··· Input data
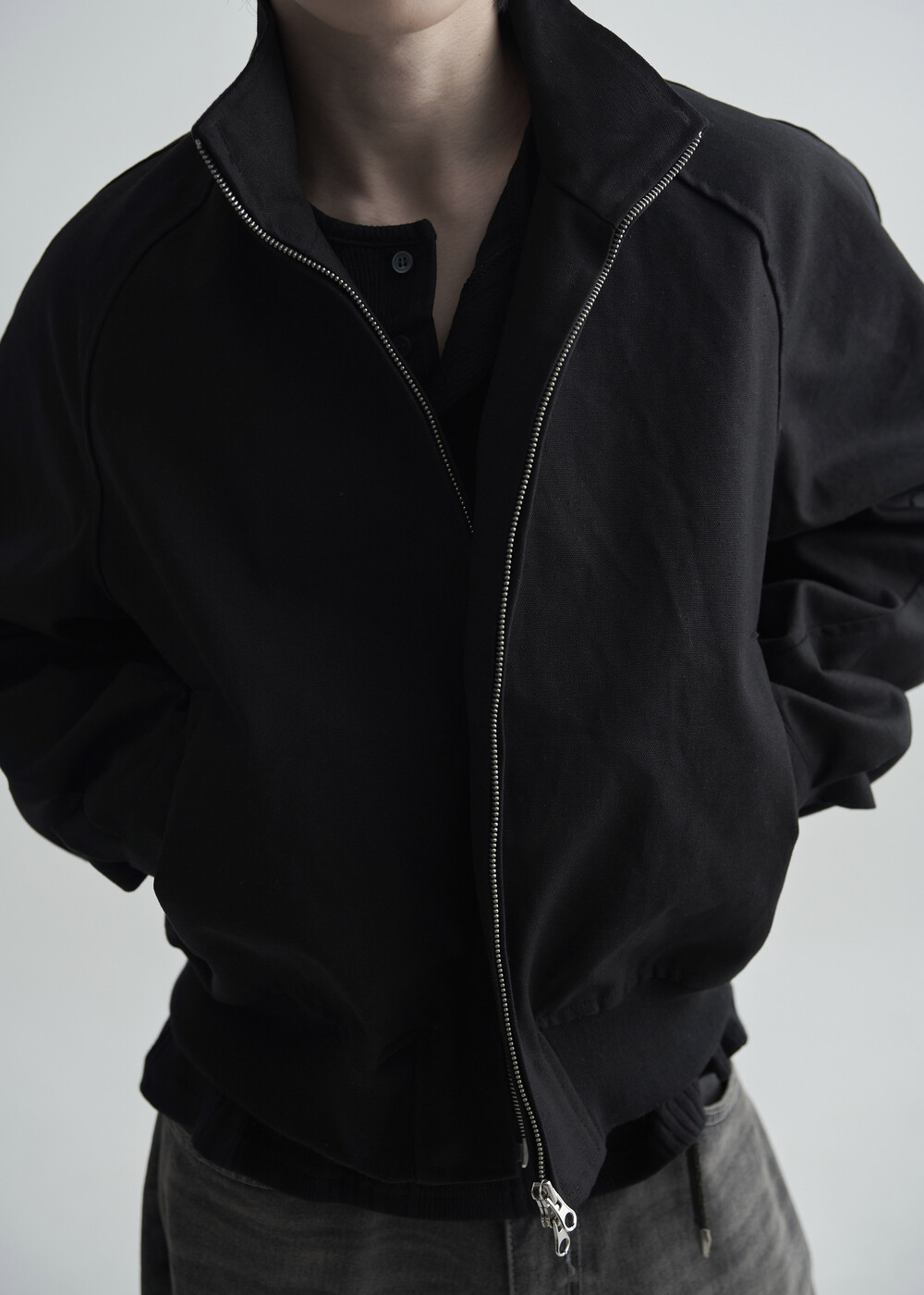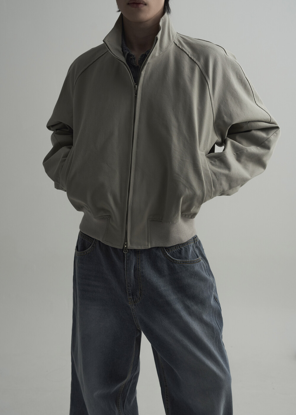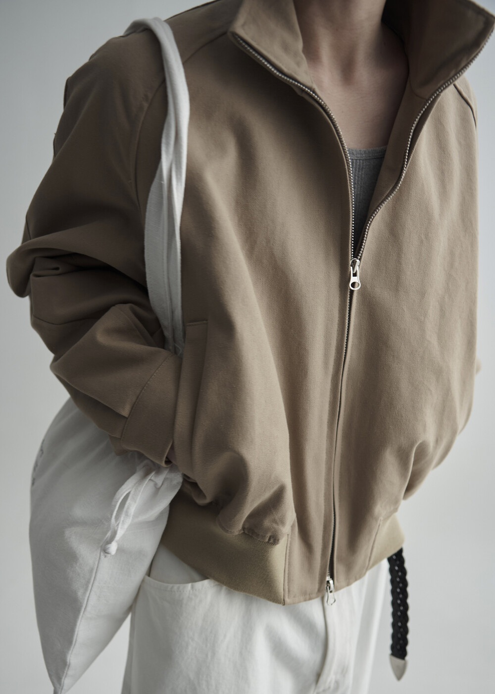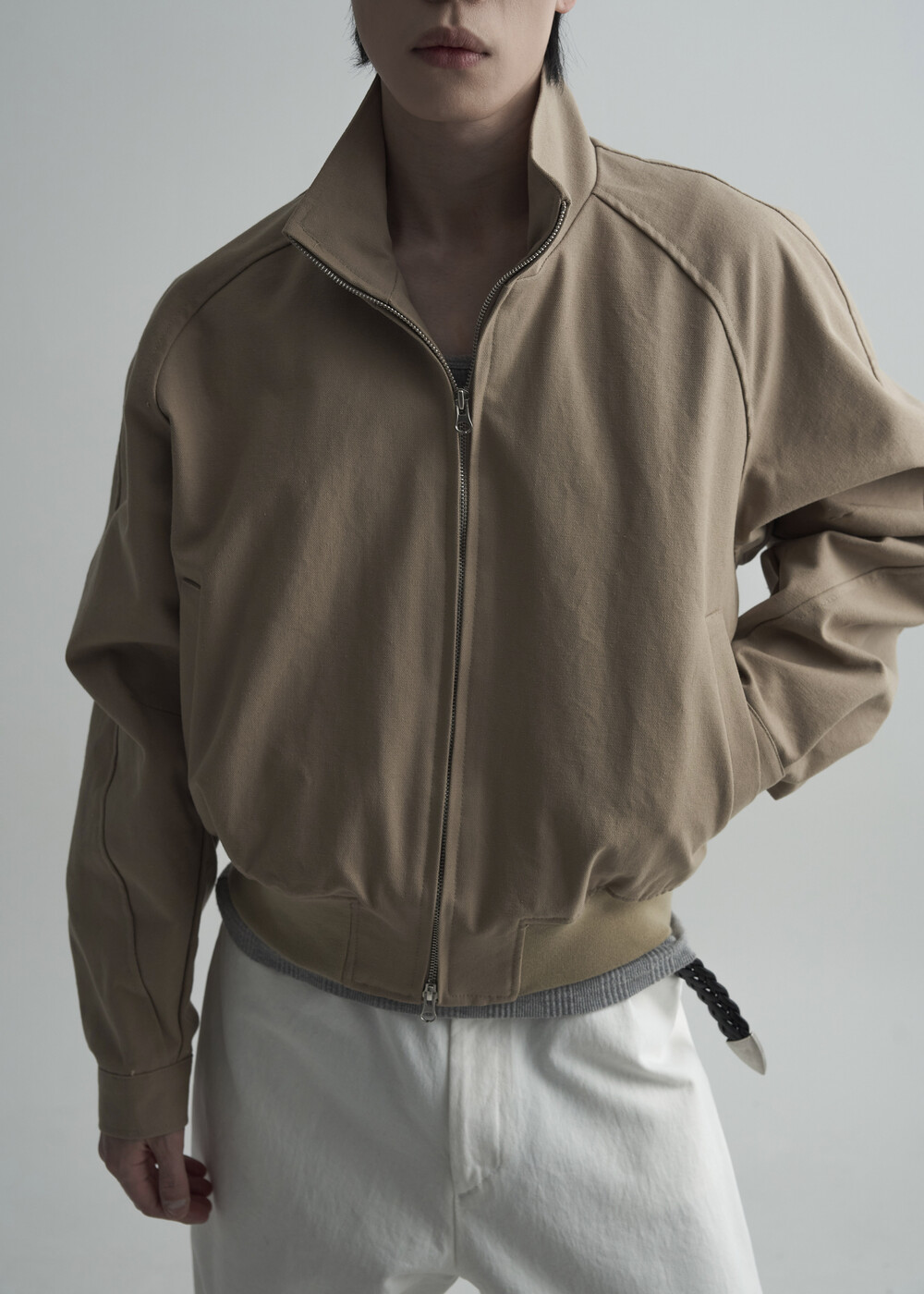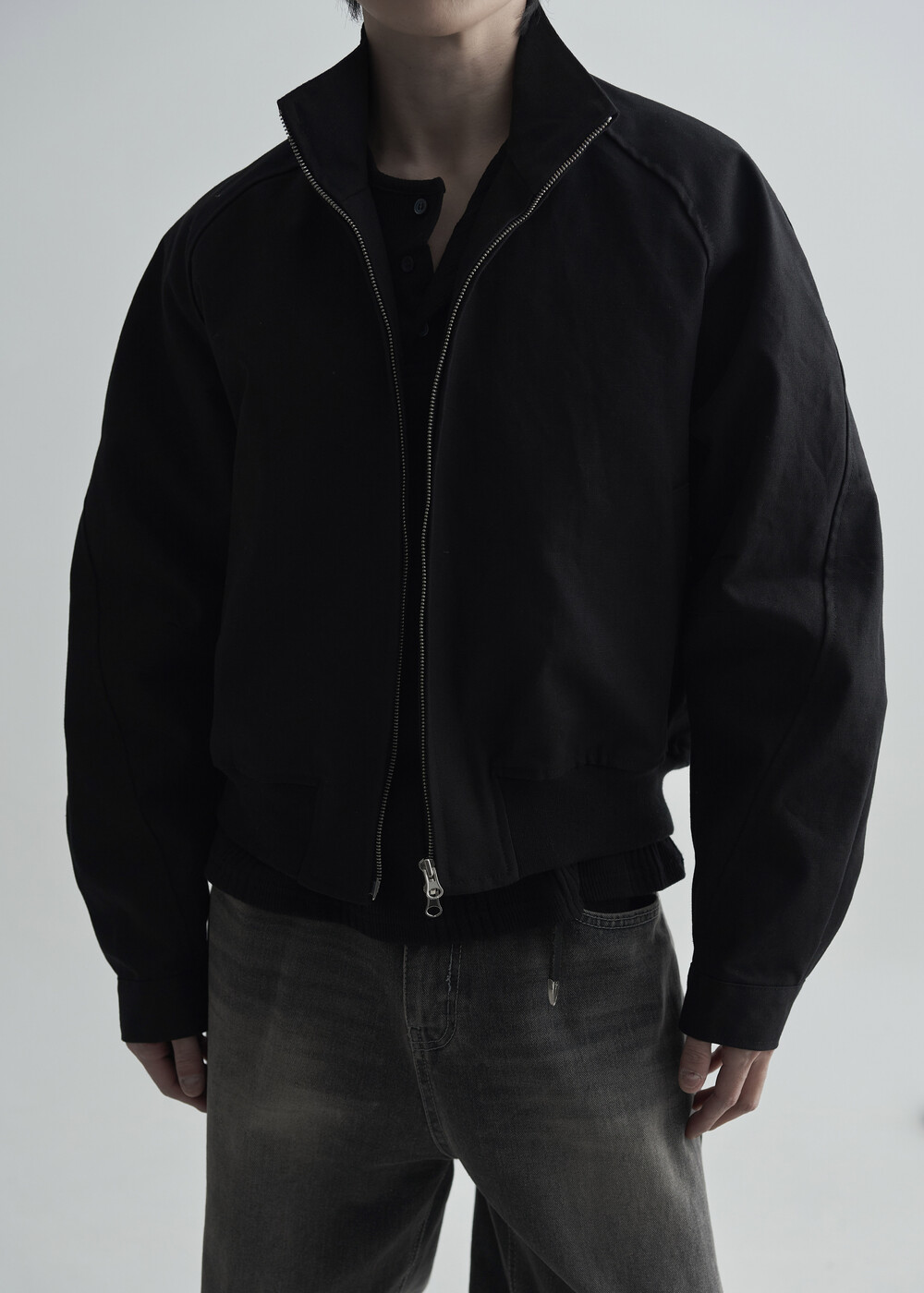 견고한 코튼 소재감으로 편성되어 탄탄한 착용감을 보여주는 하이넥 밴딩 크롭 자켓 제품입니다.
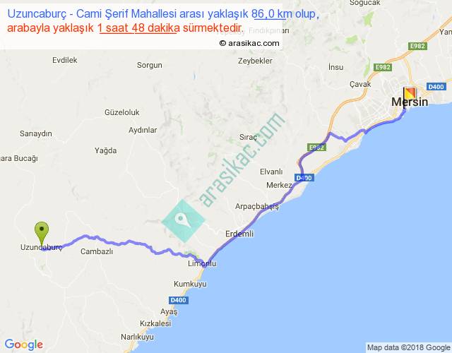 Uzuncaburç - Cami Şerif Mahallesi arası yaklaşık olarak 90 km/h ile yukarıda belirtilen sürede olup, iki yerin kuş uçuşu uzaklığı (mesafesi) 67'dir. Yolculuk otobüsle 2 saat 20 dakika sürmektedir.
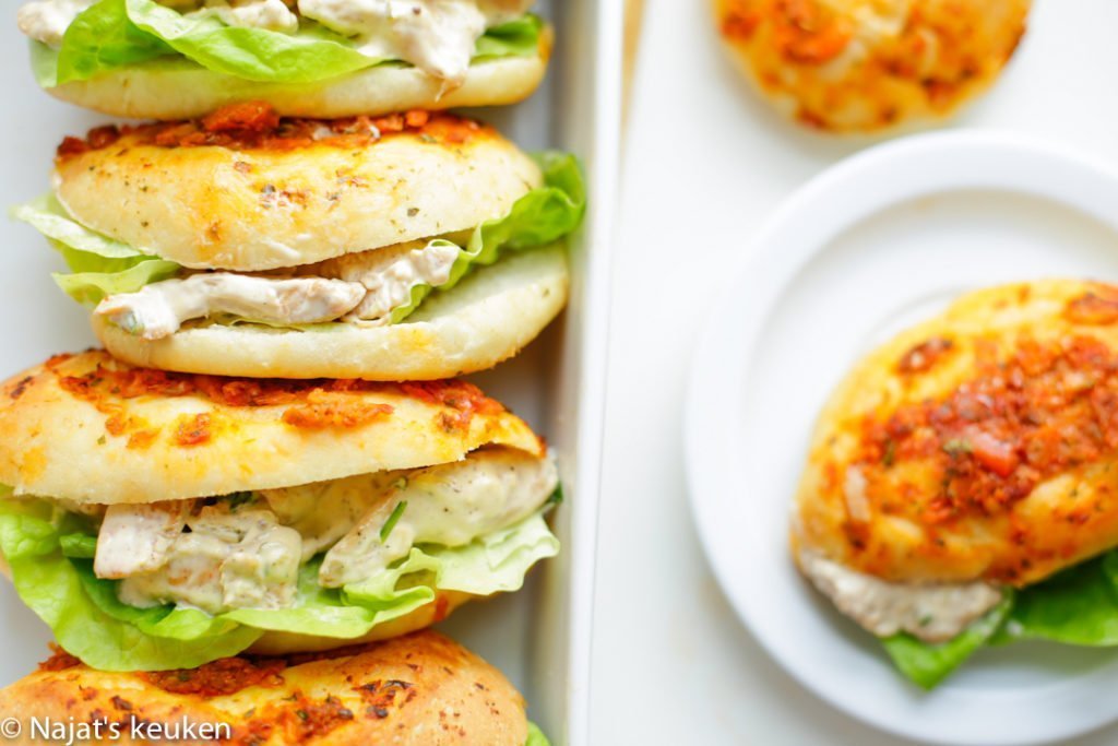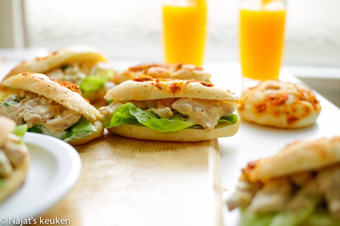 – Vul de broodjes met kip, gehakt, vis of andere beleg naar keuze.
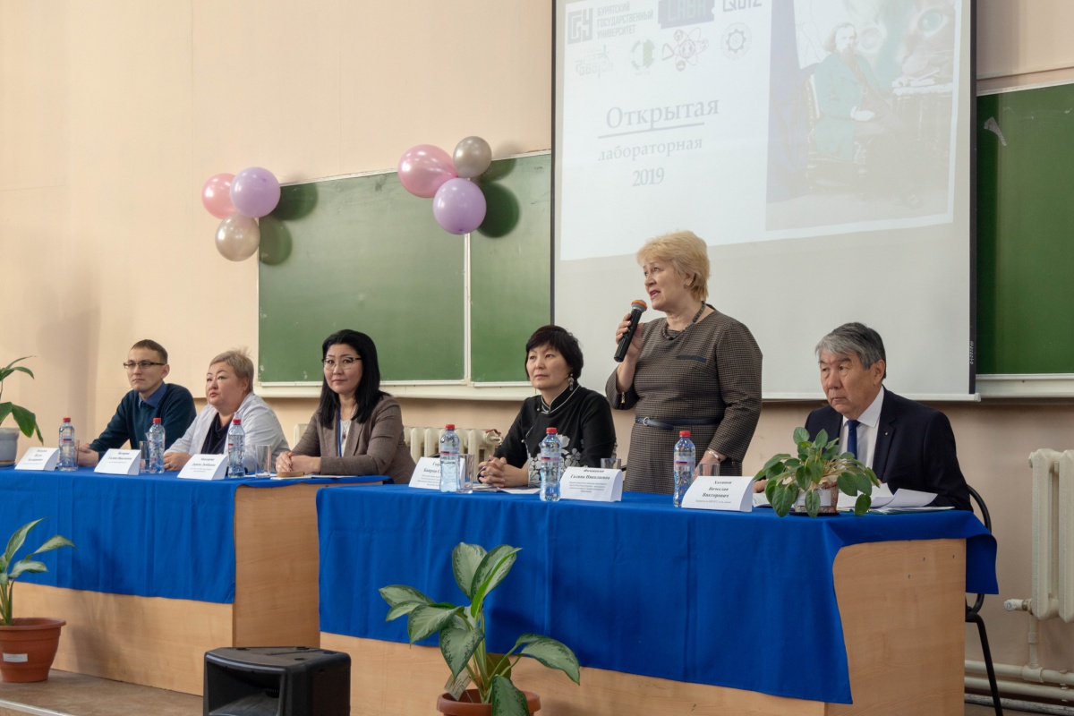 На торжественном открытии научно-просветительской акции «Открытая лабораторная» с приветственными словами выступили первый заместитель министра образования и науки Республики Бурятия Г.Н. Фомицкая, начальник отдела науки и высшей школы МОиН РБ Б.С. Гыргенова, проректор по НИР БГУ В.В. Хахинов, декан факультета биологии, географии и землепользования Д.Д. Максарова, декан химического факультета Г.Н. Баторова, зам. декана по УР физико-технического факультета А.А. Машанов.
······
Aim of the exercise:
Return all the material exactly, skipping pictures.

Completed exercise:
 견고한 코튼 소재감으로 편성되어 탄탄한 착용감을 보여주는 하이넥 밴딩 크롭 자켓 제품입니다.
 Uzuncaburç - Cami Şerif Mahallesi arası yaklaşık olarak 90 km/h ile yukarıda belirtilen sürede olup, iki yerin kuş uçuşu uzaklığı (mesafesi) 67'dir. Yolculuk otobüsle 2 saat 20 dakika sürmektedir.
 – Vul de broodjes met kip, gehakt, vis of andere beleg naar keuze.
 На торжественном открытии научно-просветительской акции «Открытая лабораторная» с приветственными словами выступили первый заместитель министра образования и науки Республики Бурятия Г.Н. Фомицкая, начальник отдела науки и высшей школы МОиН РБ Б.С. Гыргенова, проректор по НИР БГУ В.В. Хахинов, декан факультета биологии, географии и землепользования Д.Д. Максарова, декан химического факультета Г.Н. Баторова, зам. декана по УР физико-технического факультета А.А. Машанов.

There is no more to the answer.